# Sonora Driver's License



## missy777 (Aug 11, 2017)

I will be relocating to Sonora, Mexico in about three months and cannot find any info regarding getting a driver's license in Sonora. Is there anybody out there with the story about the requirements for same?

Thank you!


----------



## TundraGreen (Jul 15, 2010)

missy777 said:


> I will be relocating to Sonora, Mexico in about three months and cannot find any info regarding getting a driver's license in Sonora. Is there anybody out there with the story about the requirements for same?
> 
> Thank you!


Don't know about Sonora. I have both a automobile and motorcycle license for Jalisco. They are issued by the state so Sonora may be different. In Jalisco, it was pretty easy. Picture that they took, fingerprints, 10 question computer test, then a driving test of one loop around a small parking lot in their vehicle and that was it, about 30 minutes from start to finish with no advanced paperwork to mess with.


----------



## horseshoe846 (Feb 8, 2017)

We have drivers licenses for Morelos. As I remember it (from 5 years ago), there was perhaps a 20 question paper test (in Spanish). Since my Spanish was very young at the time they allowed my wife and I to work on the exam together. There was a vision test and my license says I need glasses. There was no driving test - possibly because our US licenses were still valid.


----------



## Isla Verde (Oct 19, 2011)

horseshoe846 said:


> We have drivers licenses for Morelos. As I remember it (from 5 years ago), there was perhaps a 20 question paper test (in Spanish). Since my Spanish was very young at the time they allowed my wife and I to work on the exam together. There was a vision test and my license says I need glasses. There was no driving test - possibly because our US licenses were still valid.
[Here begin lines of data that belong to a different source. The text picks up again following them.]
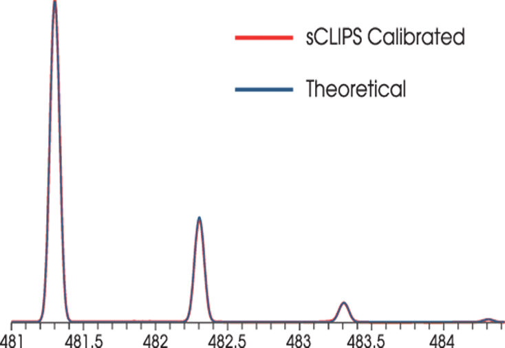 MassWorks軟件的sCLIPS通過(guò)將質(zhì)譜的線形校正為可用數(shù)學(xué)表達(dá)的函數(shù),地解決了這個(gè)問(wèn)題,可以利用譜圖準(zhǔn)確度值,非常地對(duì)比校正譜圖與理論譜圖,實(shí)現(xiàn)未知離子分子式的識(shí)別。sCLIPS充分利用了未知離子的單同位素峰與其它同位素峰很好分離的特點(diǎn),不需要使用內(nèi)標(biāo)或外標(biāo),直接得到測(cè)量的峰形函數(shù),通過(guò)MassWorks產(chǎn)生單同位素峰的線形校正函數(shù),并將其應(yīng)用到離子的整個(gè)同位素輪廓。這個(gè)線形校正譜圖,能夠可視和定量地與用相同的線形函數(shù)計(jì)算得到的理論譜圖進(jìn)行比較。得到的譜圖準(zhǔn)確度值提供了準(zhǔn)確和強(qiáng)大的計(jì)量工具,能從質(zhì)量得到的長(zhǎng)長(zhǎng)可能分子式列表中得到正確的分子式。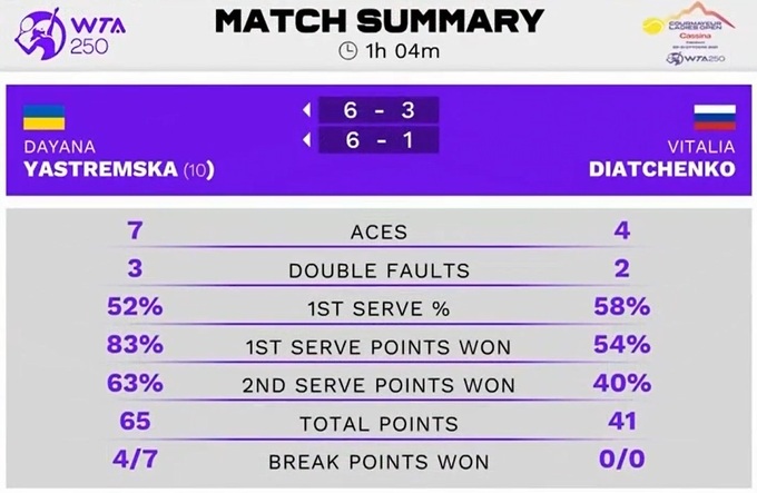 Даяна зіграла 12-й матч на рівні WTA з суперницями з Росії, здобула сьому перемогу.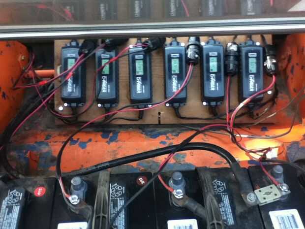 Basado en los tipos de baterías tienes debe tener el cargador correcto. Para baterías de plomo ácido puede obtener un solo cargador o un cargador para cada batería. Elegí tener un cargador para cada batería, esto evitará que cada batería en su mejor rendimiento. Si un cargador va mal puede reemplazar a un cargador a un costo mucho menor. Mi costo fue de $25 cada uno y el cargador tiene la capacidad para mantener la batería y carga en 3.8 amp. Esto funciona perfecto para mi situación.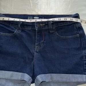 Old Navy Mid Rise Cuffed Dark Denim Shorts 3” Inseam Semi Fitted Stretch Size 6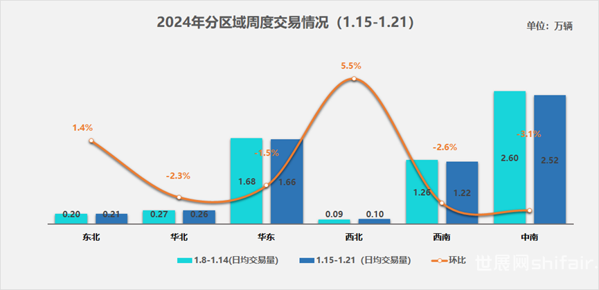 注:交易量按5个工作日计算2024年的第三周,二手车市场日均交易量5.97万辆,环比上一周交易量下降2.25%。元旦假期的消费需求在本月前两周体现比较明显,到店客流量明显增加,经销商清库存力度加大,因此第三周市场交易量下滑也属于正常的市场波动。每年临近春节大部分车商会选择提前回家过年,因此对1月份后两周的交易量也会有一定影响。但今年1月份有22个工作日,相对2023年1月份多了4天,春节节前消费时间长,拉动市场增量会更充分。按可比口径计算,2024年1月1日-21日,二手车交易量120万辆,较2023年12月同期增长1.2%,预计2024年1月二手车交易量在163万辆左右。本周的调研结果显示,41%的经销商表示市场客流量较上周有所下降,占比较上周增长了10%。同时有25%的企业表示经营状况不好,50%的企业表示交易量与上周基本持平。2023年,汽车交易市场中不乏中小车商退租转行,但与此同时,经销商集团和一些有实力的二手车独立经销商则加大了对二手车业务的布局力度。2024年二手车市场的竞争将更加激烈,各大二手车商将会加大营销力度、提高服务质量和客户满意度来提升自身的市场竞争力和市场份额。1月二手车市场区域周度分析

Some places don't require a driving test from anyone, at least that's the case in Mexico City.


----------



## joaquinx (Jul 3, 2010)

You do have three months to worry about this, however, your US driver's license is good. After you relocate, you can head down to the Transito office and ask about the requirements of a license.


----------



## RVGRINGO (May 16, 2007)

Here is the Sonora website with the requirements for a driving license in that state:

Gobierno Del Estado de Sonora


----------